As of the census of 2000, there were 88 people, 41 households, and 25 families residing in the CDP. The population density was 1.8 PD/sqmi. There were 255 housing units at an average density of 5.3 /sqmi. The racial makeup of the CDP was 89.77% White and 10.23% Native American.

There were 41 households, out of which 17.1% had children under the age of 18 living with them, 58.5% were married couples living together, 2.4% had a female householder with no husband present, and 39.0% were non-families. 24.4% of all households were made up of individuals, and 2.4% had someone living alone who was 65 years of age or older. The average household size was 2.15 and the average family size was 2.64.

In the CDP, the population was spread out, with 17.0% under the age of 18, 1.1% from 18 to 24, 27.3% from 25 to 44, 46.6% from 45 to 64, and 8.0% who were 65 years of age or older. The median age was 47 years. For every 100 females, there were 114.6 males. For every 100 females age 18 and over, there were 135.5 males.

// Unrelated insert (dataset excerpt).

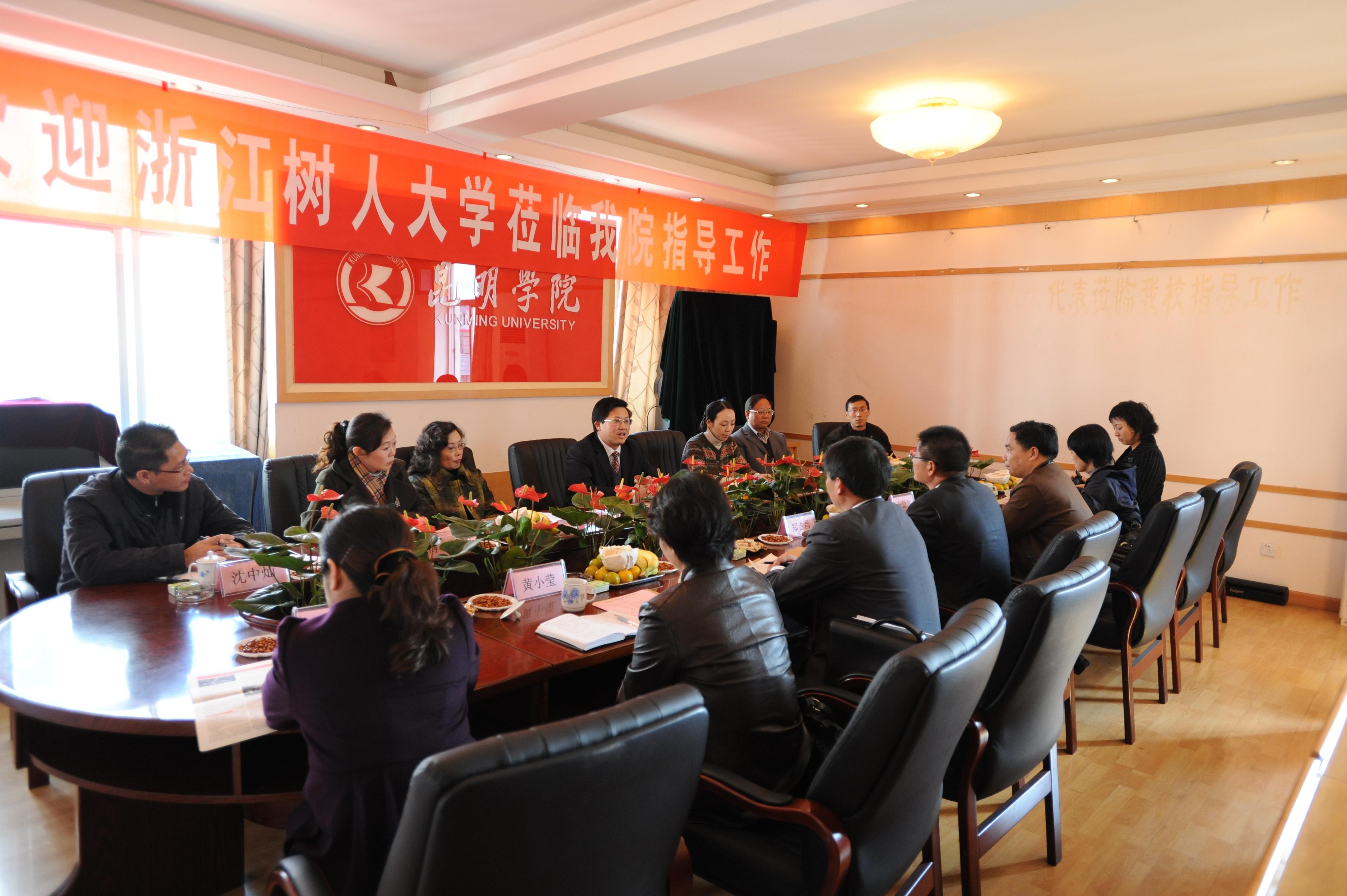 罗明东副院长出席学院举行的欢迎座谈会,教务处、党办、现代教育技术中心、经济系、社会科学与人力资源系和文学与新闻传播系负责人参加座谈。罗副院长代表学院党政对浙江树人大学郑吉昌副校长一行到我院传经送宝、进行工作交流表示热烈欢迎;向来宾介绍了学院基本情况、办学方向、办学特色和办学模式等,并结合现代新昆明建设和云南经济社会发展,向来宾介绍了我院发挥地方院校的特色和优势、更好地为地方经济社会发展服务的思路、战略规划构想和工作计划;宾主双方就探索和把握地方本科院校办学基本规律、提高教育教学质量等方面进行了广泛的交流;来宾还参观了经济系证券投资实验室。
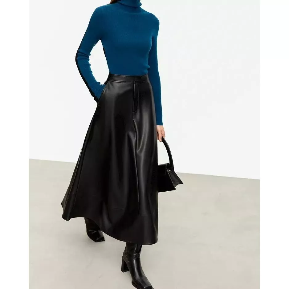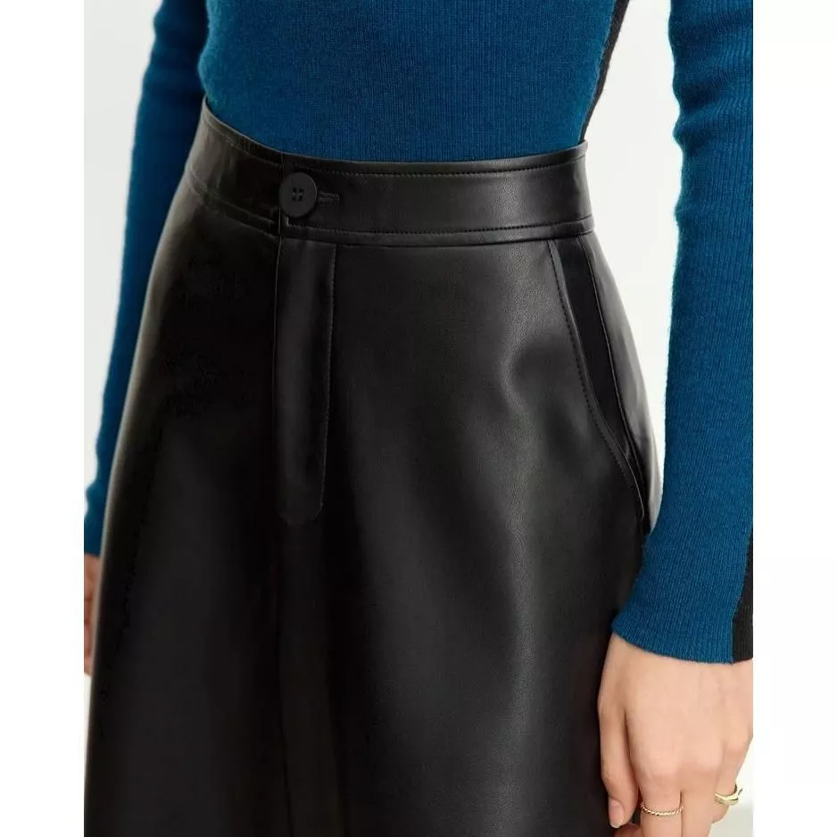 What sets this skirt apart is its blend of simplicity and elegance. The minimalist design is elevated with a touch of classic fashion, making it a timeless piece in your wardrobe. The non-stretch viscose leather offers both comfort and durability, ensuring that the skirt looks great wear after wear. Its loose fit caters to a range of body types, allowing for freedom of movement and a relaxed feel.

The median income for a household in the CDP was $5,000, and the median income for a family was $43,750. Males had a median income of $3,750 versus $0 for females. The per capita income for the CDP was $11,057. There were no families and 56.7% of the population living below the poverty line, including no under eighteens and none of those over 64.

Historical population
| Census | Pop. | Note | %± |
| 2000 | 88 |  | — |
| 2010 | 46 |  | −47.7% |
| 2020 | 15 |  | −67.4% |
U.S. Decennial Census

==Recreation area==
The Lake Louise State Recreation Area has a large campground, boat launch, and picnic areas, as well as a trail leading to the hilltop where the Army's original recreation area's cabins still stand, although in a state of severe disrepair. Visitors can expect to see a wide variety of wildlife, including the only known freshwater nesting site for cormorants, located on Bird Island. In the fall the Nelchina caribou herd passes through this area. The fishing in the lake is considered excellent, with a variety of freshwater fish, including lake trout and burbot.